Tom Hanks has explained why he donated an espresso machine to the press corps at Donald Trump's White House, continuing a personal tradition which dates back to 2004, in an effort to help reporters "keep up the good fight for truth, justice and the American Way".
Speaking on the Late Show with Stephen Colbert, the Hollywood star said: "I've done that for Democrats and Republican administrations because those poor b******* need coffee."
The show's host replied: "I think this president might be keeping them up anyway."
Mr Hanks continued: "I have a feeling the problem now is there's an awful lot of spit coffee on people's laps..." He then impersonated a shocked journalist spitting out a mouthful of hot drink, gasping: "'Are you kidding me?' I think that might be happening."
The machine was accompanied with a typewritten note, addressed "to the White House Press Corps" and urging them to keep up the "good fight... especially for the truth part".
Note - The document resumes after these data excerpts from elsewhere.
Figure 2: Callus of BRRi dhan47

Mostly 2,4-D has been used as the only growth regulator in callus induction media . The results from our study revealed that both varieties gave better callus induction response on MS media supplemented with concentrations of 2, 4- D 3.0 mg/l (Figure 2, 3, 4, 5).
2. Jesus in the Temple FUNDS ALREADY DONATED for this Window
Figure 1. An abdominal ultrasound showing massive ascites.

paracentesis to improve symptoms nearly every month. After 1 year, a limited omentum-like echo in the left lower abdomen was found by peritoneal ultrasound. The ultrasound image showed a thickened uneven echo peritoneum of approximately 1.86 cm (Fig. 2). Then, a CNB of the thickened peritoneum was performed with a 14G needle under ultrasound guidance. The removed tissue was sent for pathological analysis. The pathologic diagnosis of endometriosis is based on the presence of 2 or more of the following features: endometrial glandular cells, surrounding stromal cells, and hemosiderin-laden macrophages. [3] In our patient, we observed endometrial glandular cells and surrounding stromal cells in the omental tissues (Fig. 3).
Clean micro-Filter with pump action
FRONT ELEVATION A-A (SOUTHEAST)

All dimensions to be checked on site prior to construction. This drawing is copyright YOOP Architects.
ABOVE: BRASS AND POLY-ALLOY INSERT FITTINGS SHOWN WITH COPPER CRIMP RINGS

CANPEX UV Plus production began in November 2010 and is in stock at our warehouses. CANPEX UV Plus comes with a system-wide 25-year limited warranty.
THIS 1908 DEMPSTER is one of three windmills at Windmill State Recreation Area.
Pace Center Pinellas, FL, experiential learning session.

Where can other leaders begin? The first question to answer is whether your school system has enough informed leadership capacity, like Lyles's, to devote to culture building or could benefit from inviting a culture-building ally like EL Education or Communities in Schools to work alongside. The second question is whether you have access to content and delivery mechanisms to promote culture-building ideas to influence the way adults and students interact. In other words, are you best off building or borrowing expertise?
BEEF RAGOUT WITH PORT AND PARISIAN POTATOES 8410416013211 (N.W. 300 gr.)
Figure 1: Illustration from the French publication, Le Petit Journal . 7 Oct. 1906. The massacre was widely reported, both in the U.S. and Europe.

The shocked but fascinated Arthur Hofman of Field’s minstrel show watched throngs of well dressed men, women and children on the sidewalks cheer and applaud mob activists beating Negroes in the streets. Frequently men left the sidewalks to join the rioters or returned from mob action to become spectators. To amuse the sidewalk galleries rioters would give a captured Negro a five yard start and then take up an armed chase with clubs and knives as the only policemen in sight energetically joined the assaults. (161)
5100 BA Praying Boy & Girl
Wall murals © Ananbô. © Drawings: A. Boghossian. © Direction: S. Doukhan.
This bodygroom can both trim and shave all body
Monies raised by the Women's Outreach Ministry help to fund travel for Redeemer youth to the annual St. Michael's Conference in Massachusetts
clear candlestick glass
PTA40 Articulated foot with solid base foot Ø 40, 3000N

It was the third time the Saving Private Ryan, Forrest Gump and Toy Story actor has made such a gift. He first made a donation when touring the White House under George Bush's presidency in 2004, professing himself baffled at the lack of a decent coffee machine in the press room.
Returning in 2010 during Barack Obama’s first term in office., he reportedly asked: “How is it holding up? Do you need another one? I’m going to get you another espresso machine…. Let me see what I can do for the poor slobs of the Fourth Estate here.”
Earlier this year, a crowdfunding campaign to send pizza to newsrooms across the nation tasked with holding the new President to account raised nearly $8000 (£6000) in two days.
A mission statement for the campaign said: "There are awards and paychecks and recognition, but many times those forms of compensation fail to match the level of dedication and sacrifice that goes into the work."
But these stunts have attracted a wave of criticism for being self-indulgent, with the Washington Post's Mike Madden saying: "What a waste of money. Don't buy pizza for well-paid journalists."
President Trump and the mainstream press have been at loggerheads since the billionaire tycoon took office 100 days ago. His Press Secretary, Sean Spicer, used his first meeting with the press corps to lecture reporters for "engag[ing] in deliberately false reporting", and refused to take any questions.
This week, the President was absent from the White House Correspondents Dinner, in a near-unprecedented break with tradition.
The event normally involves light-hearted jokes from both the President and reporters, but President Trump refused to attend for the first time since Ronald Reagan was forced to skip the dinner following an assassination attempt.
White House Correspondents Association head Jeff Mason told the crowd: "We cannot ignore the rhetoric that has been employed by the president about who we are and what we do. We are not fake news. We are not failing news organisations. And we are not the enemy of the American people."